Tutti i motivi di ricorsi sono manifestamente infondati, in quanto si risolvono in doglianze con cui si propone una pedissequa reiterazione di motivi già dedotti in appello e puntualmente disattesi dalla Corte di merito, dovendosi pertanto gli stessi considerare non specifici ma soltanto apparenti, in quanto omettono di assolvere la tipica funzione di una critica argomentata avverso la sentenza oggetto di ricorso (Sez. 6, n. 20377 del 11/03/2009, COGNOME e altri, Rv. 24383801).
Contrariamente a quanto dedotto, infatti, la pronunzia impugnata reca appropriata motivazione, basata su definite e significative acquisizioni probatorie ed immune da vizi logico-giuridici, circa il profilo della penale responsabilità dei prevenuti.
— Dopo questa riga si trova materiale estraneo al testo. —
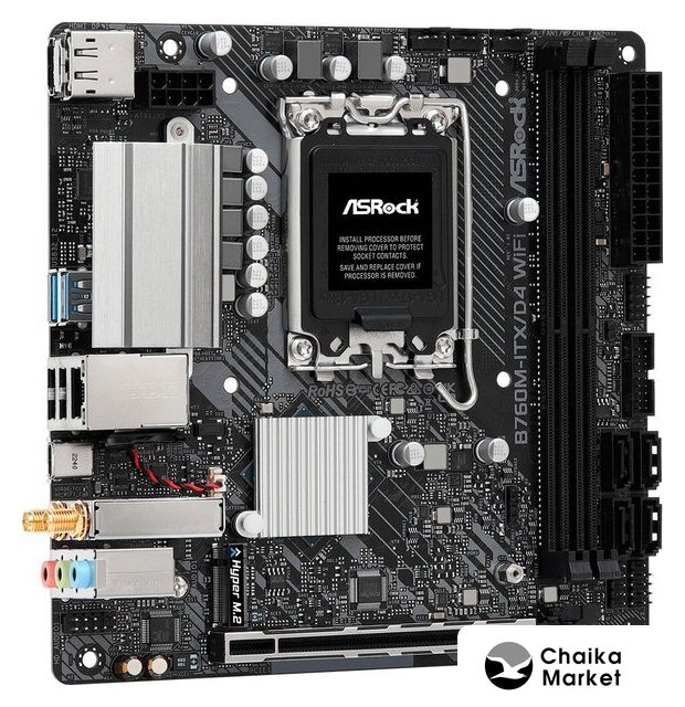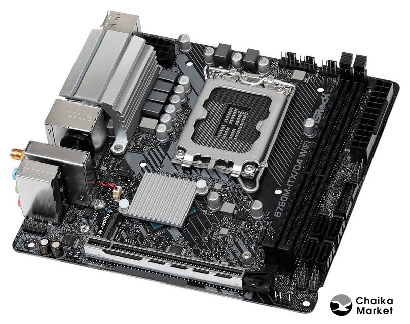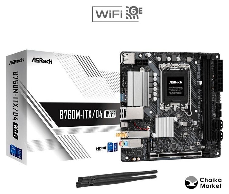 mATX, сокет Intel LGA1700, чипсет Intel B760, память 4xDDR5 до 7200 МГц, слоты: 1xPCIe x16 5.0, 1xPCIe x1, 3xM.2, 802.11ax (Wi-Fi 6E)+Bluetooth 5.3, 12+1+1 фаз питания
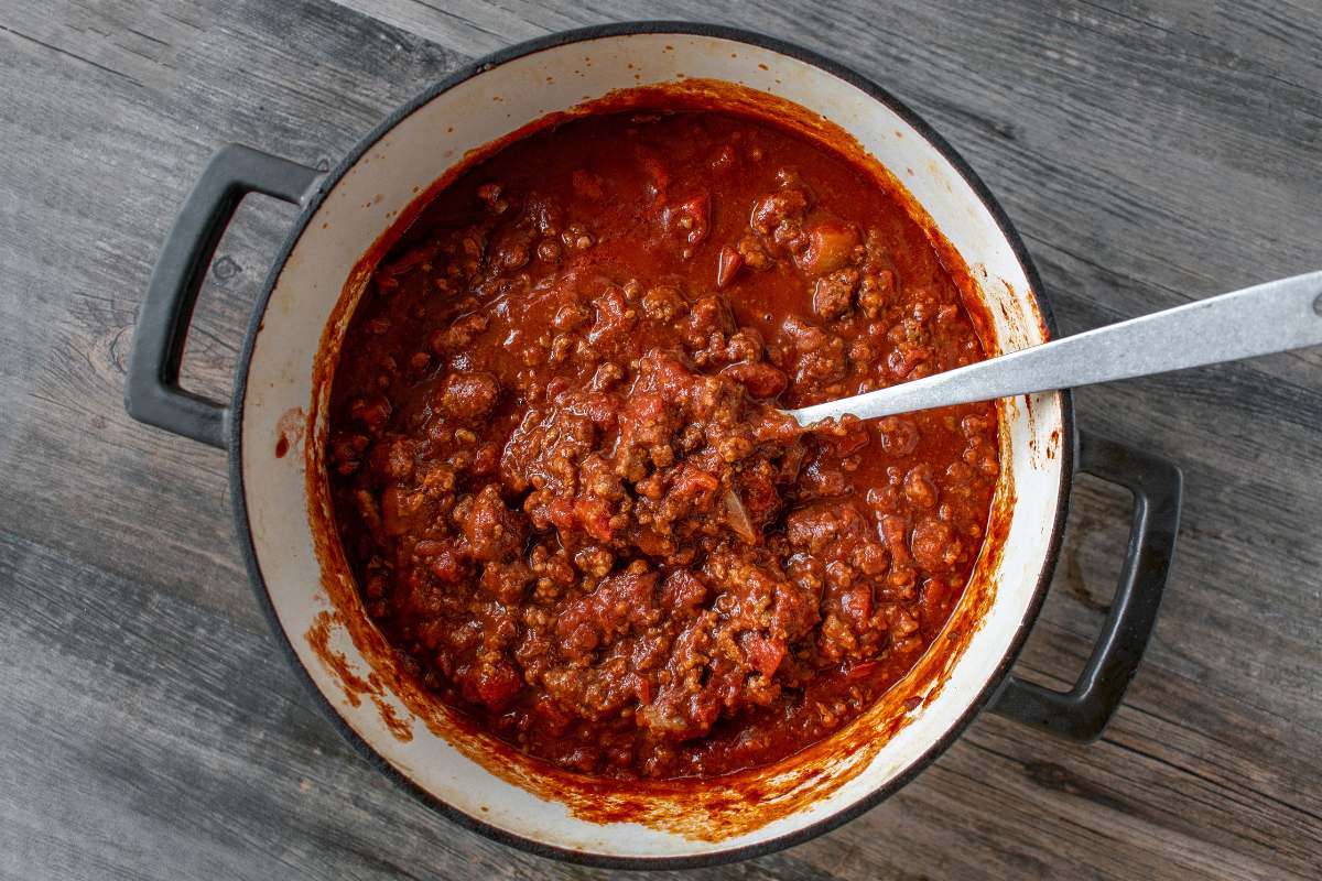 - Pour in tomatoes and bring to a simmer. Lower the heat and cook for 15 more minutes, stirring occasionally.

3.1 In particolare, quanto al ricorso proposto dal COGNOME, esso è manifestamente generico e assertivo, in quanto si deduce illegittimità dell’accertamento effettuato dai Carabinieri circa la natura dello stupefacente: tale dato è smentito, con affermazioni conferenti e logiche, dalla Corte territoriale la quale osserva che si tratta di accertamenti fatti a campione e con attività ripetibile, la cui esecuzione non richiedeva previa comunicazione al difensore (p.4).
3.2 II ricorso proposto dal COGNOME è manifestamente infondato, in quanto poggia su asseriti difetti di logicità della sentenza smentiti dal provvedimento impugnato. Invero, così come per il correo, la penale responsabilità viene confermata sulla scorta delle risultanze degli accertamenti tecnici effettuati dai Carabinieri: in particolare, si tiene conto del rinvenimento, a seguito di perquisizione personale, di stupefacente occultato, oltre che dei rapporti con il COGNOME, relativi a cessioni di stupefacente, come desunto dai tabulati telefonici acquisiti, non trattandosi invero di intercettazioni assunte illegittimamente (p.5).
Si tratta di elementi indiziari che hanno consentito alla Corte territoriale di ricostruire, in modo logico, coerente e motivato, la penale responsabilità del COGNOME.
Rispetto a tale motivata, logica e coerente pronuncia entrambi i ricorrenti chiedono una rilettura degli elementi di fatto posti a fondamento della decisione e l’adozione di nuovi e diversi parametri di ricostruzione e valutazione. Ma un siffatto modo di procedere è inammissibile perché trasformerebbe questa Corte di legittimità nell’ennesimo giudice del fatto.
Segue, a norma dell’articolo 616 cod. proc. pen., la condanna dei ricorrenti al pagamento delle spese del procedimento ed al pagamento a favore della Cassa delle ammende, non emergendo ragioni di esonero, di una somma che si stima equo quantificare nella misura indicata in dispoSitivo.
P.Q.M.
Dichiara inammissibili i ricorsi e condanna i ricorrenti al pagamento delle spese processuali e della somma di tremila euro ciascuno in favore della Cassa delle ammende.